The good, the bad, and the ugly.
The good? The act of being or having gone viral is relatively short-lived. People have incredibly tiny attention spans. If an author loses his or her composure over a negative review, a backlash can be expected, but it has an expiration date. A few months pass, and while your name might remain at least fleetingly familiar, it would take a trip to Google for a reminder. Granted, that might not exactly be reassuring, but soon people will be talking about something else.
The bad? Yes, for a while, if you have amounted bad publicity, you will be the topic of gossip and e-water cooler chatter. There will be people who remember you, and not fondly.
The ugly? Some of those people who remember you are those you don’t want remembering you.
Reputations are incredibly fragile things.
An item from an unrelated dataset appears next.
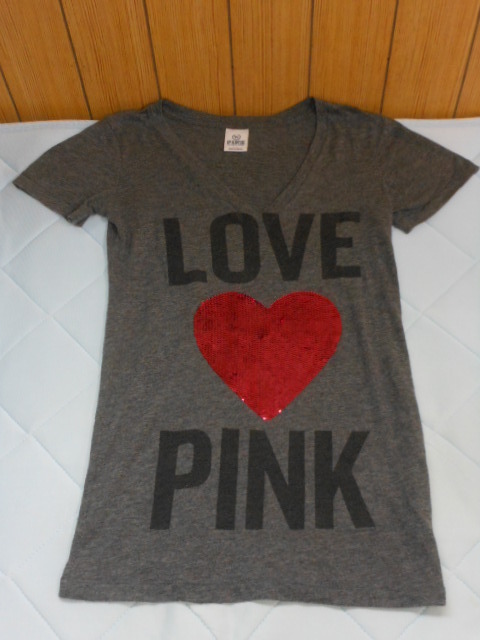 - 『送料無料です』◆ヴィクトリアシークレット PINK ブランド◆スパンコール派手に煌めくハートマーク LOVE Tシャツ 脇下すぐ身幅36着丈60
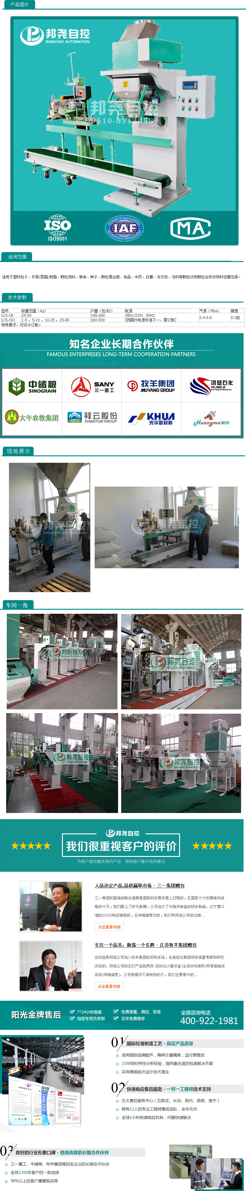 適用于塑料粒子、環氧(聚酯)樹脂、顆粒飼料、糧食、種子、顆粒復合肥、食品、中藥、白糖、洗衣粉、湯料等顆粒狀或顆粒含粉狀物料定量包裝。

Repairing any amount of damage, if at all possible, isn’t easy. Ask Robert Downey Junior if you think otherwise.
Ultimately, the reputation you have can and will shape your relationship with publishers. If you’re a difficult author to work with, word can well spread between houses. Where the important things are concerned, the Internet doesn’t forget. The relationships you forge, the people you encounter, the readers you inadvertently piss off, the tweet you shouldn’t have tweeted, the comment you made in a fit of anger on a blog…these things can all come back to haunt you.
The shield of a computer monitor can provide the illusion that professionalism isn’t an essential. We have to be mindful of ourselves as public figures, even if we’re not traditional public figures. Our business is with our readers, and readers who don’t respect the author are not likely to provide their patronage.